[Material for this task Boundary: Start]

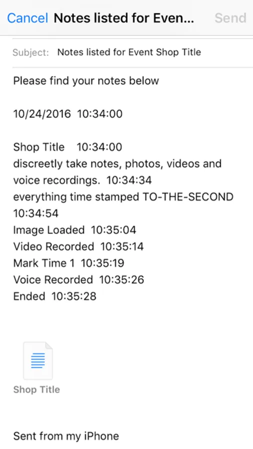 “Shop It!” is World’s first inconspicuous note-taking app. It looks and acts like a normal texting screen, but instead of the text entries being sent to another phone, they are recorded and time-stamped on a ‘notes’ page. You can also add photos, videos and voice memos.
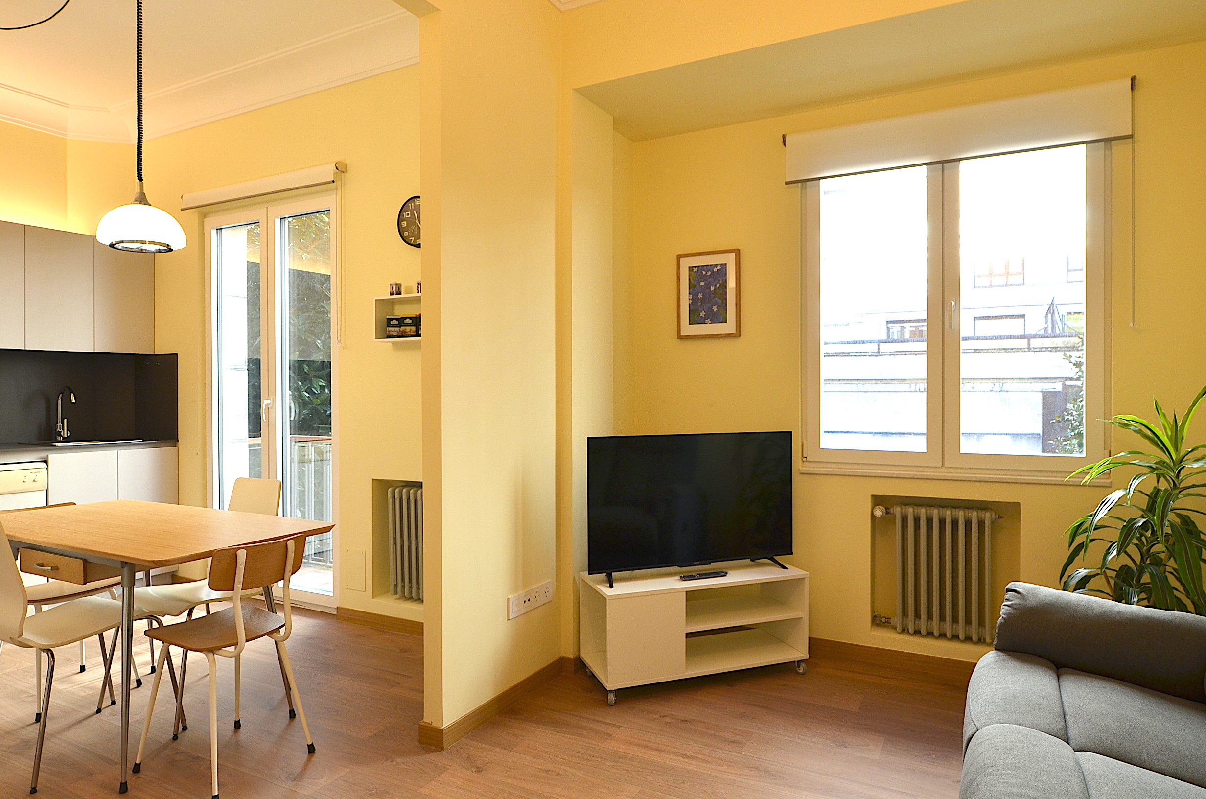 Piso totalmente reformado y nuevo a estrenar. Se divide en salón abierto a la zona de comedor y cocina, 3 amplias habitaciones, una de ellas con baño privado, otro baño en el pasillo, y un cuarto de lavado con el sistema de calentamiento del piso.
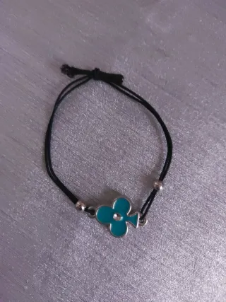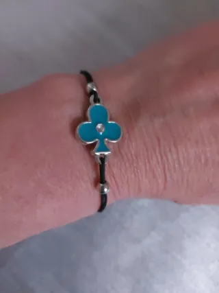 Bonita pulsera con un charm en forma de trébol. - Diseño de trébol con esmalte - Cordón negro ajustable goma
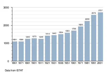 - ↑ "Popolazione Residente al 1° Gennaio 2018". Italian National Institute of Statistics. Retrieved 16 March 2019.
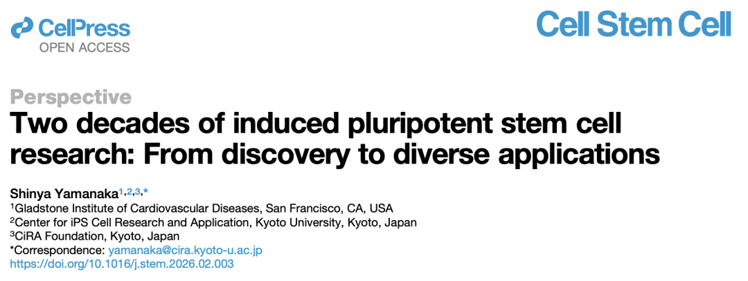 近日,诺贝尔奖得主山中伸弥教授在 Cell Stem Cell 期刊发表了题为:Two decades of induced pluripotent stem cell research: From discovery to diverse applications 的文章【2】。
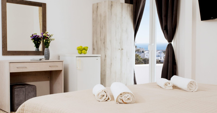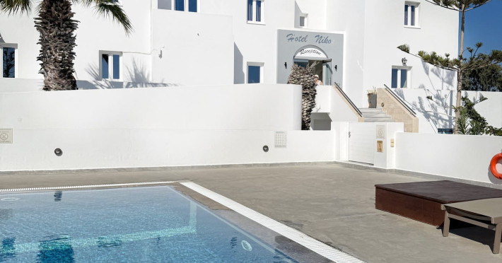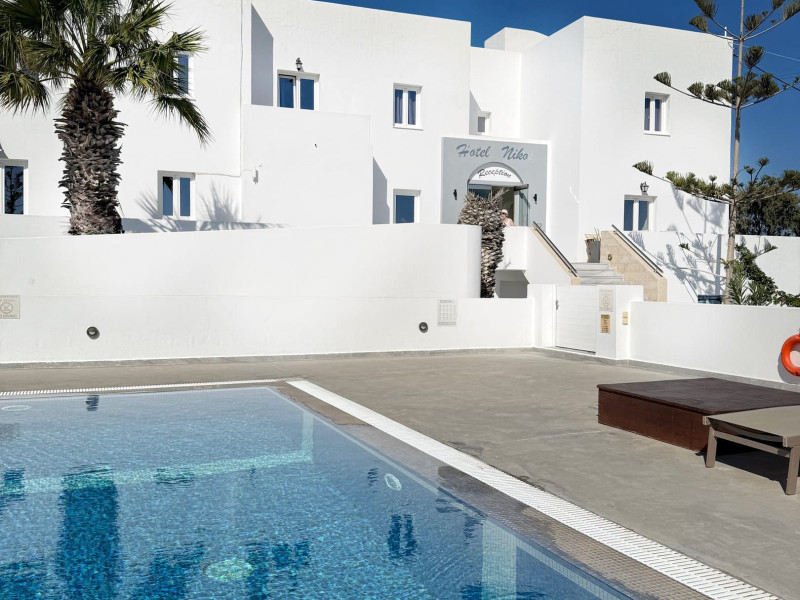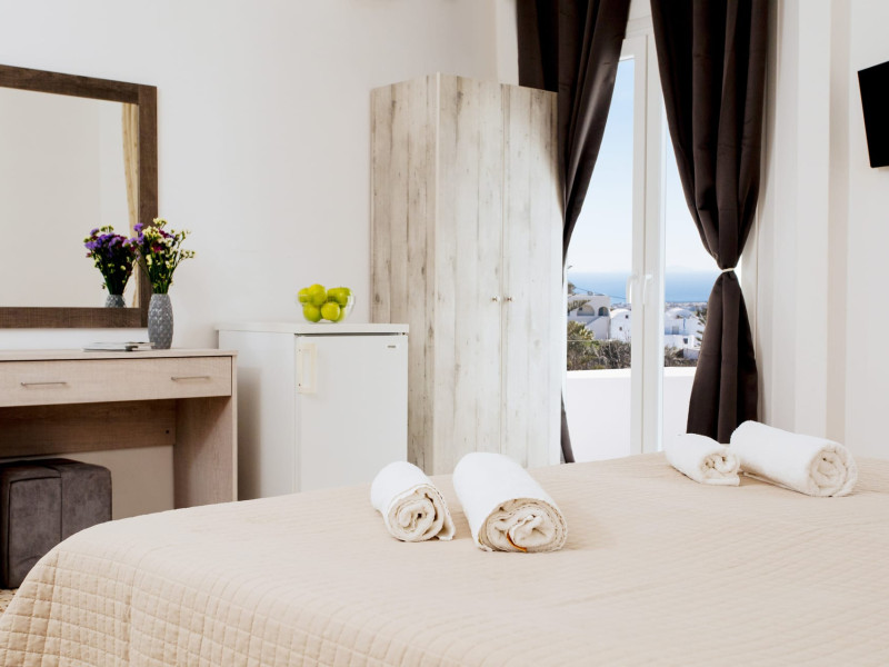 The Cycladic-style Nikos Hotel is located in Karterados Village of Santorini, within 1 km from the lively Fira capital. It offers free Wi-Fi in public areas and air-conditioned rooms with a balcony overlooking the garden.rooms of Nikos are equipped with a TV, a telephone and a fridge. Each unit includes a private bathroom with shower.Guests can start their day with a continental breakfast served daily at the dining area. Restaurants, bars and shops can be found within a walking distance from the property.Ormos Athinios Port lies within 8 km from Nikos Hotel, while Santorini National Airport is at 5 km. Staff at the front desk can arrange car rental to explore famous places, such as Oia Village at 13 km and Exo Gialos Beach at 4 km. Free private parking is possible on site.The Cycladic-style Nikos Hotel is located in Karterados Village of Santorini, within 1 km from the lively Fira capital. It offers free Wi-Fi in public areas and air-conditioned rooms with a balcony overlooking the garden.rooms of Nikos are equipped with a TV, a telephone and a fridge. Each unit includes a private bathroom with shower.Guests can start their day with a continental breakfast served daily at the dining area. Restaurants, bars and shops can be found within a walking distance from the property.Ormos Athinios Port lies within 8 km from Nikos Hotel, while Santorini National Airport is at 5 km. Staff at the front desk can arrange car rental to explore famous places, such as Oia Village at 13 km and Exo Gialos Beach at 4 km. Free private parking is possible on site.

[Material for this task Boundary: End]

* _What is required_
Repeat every record above exactly, except the pictures.

* _Answer to the problem_
 “Shop It!” is World’s first inconspicuous note-taking app. It looks and acts like a normal texting screen, but instead of the text entries being sent to another phone, they are recorded and time-stamped on a ‘notes’ page. You can also add photos, videos and voice memos.
 Piso totalmente reformado y nuevo a estrenar. Se divide en salón abierto a la zona de comedor y cocina, 3 amplias habitaciones, una de ellas con baño privado, otro baño en el pasillo, y un cuarto de lavado con el sistema de calentamiento del piso.
 Bonita pulsera con un charm en forma de trébol. - Diseño de trébol con esmalte - Cordón negro ajustable goma
 - ↑ "Popolazione Residente al 1° Gennaio 2018". Italian National Institute of Statistics. Retrieved 16 March 2019.
 近日,诺贝尔奖得主山中伸弥教授在 Cell Stem Cell 期刊发表了题为:Two decades of induced pluripotent stem cell research: From discovery to diverse applications 的文章【2】。
 The Cycladic-style Nikos Hotel is located in Karterados Village of Santorini, within 1 km from the lively Fira capital. It offers free Wi-Fi in public areas and air-conditioned rooms with a balcony overlooking the garden.rooms of Nikos are equipped with a TV, a telephone and a fridge. Each unit includes a private bathroom with shower.Guests can start their day with a continental breakfast served daily at the dining area. Restaurants, bars and shops can be found within a walking distance from the property.Ormos Athinios Port lies within 8 km from Nikos Hotel, while Santorini National Airport is at 5 km. Staff at the front desk can arrange car rental to explore famous places, such as Oia Village at 13 km and Exo Gialos Beach at 4 km. Free private parking is possible on site.The Cycladic-style Nikos Hotel is located in Karterados Village of Santorini, within 1 km from the lively Fira capital. It offers free Wi-Fi in public areas and air-conditioned rooms with a balcony overlooking the garden.rooms of Nikos are equipped with a TV, a telephone and a fridge. Each unit includes a private bathroom with shower.Guests can start their day with a continental breakfast served daily at the dining area. Restaurants, bars and shops can be found within a walking distance from the property.Ormos Athinios Port lies within 8 km from Nikos Hotel, while Santorini National Airport is at 5 km. Staff at the front desk can arrange car rental to explore famous places, such as Oia Village at 13 km and Exo Gialos Beach at 4 km. Free private parking is possible on site.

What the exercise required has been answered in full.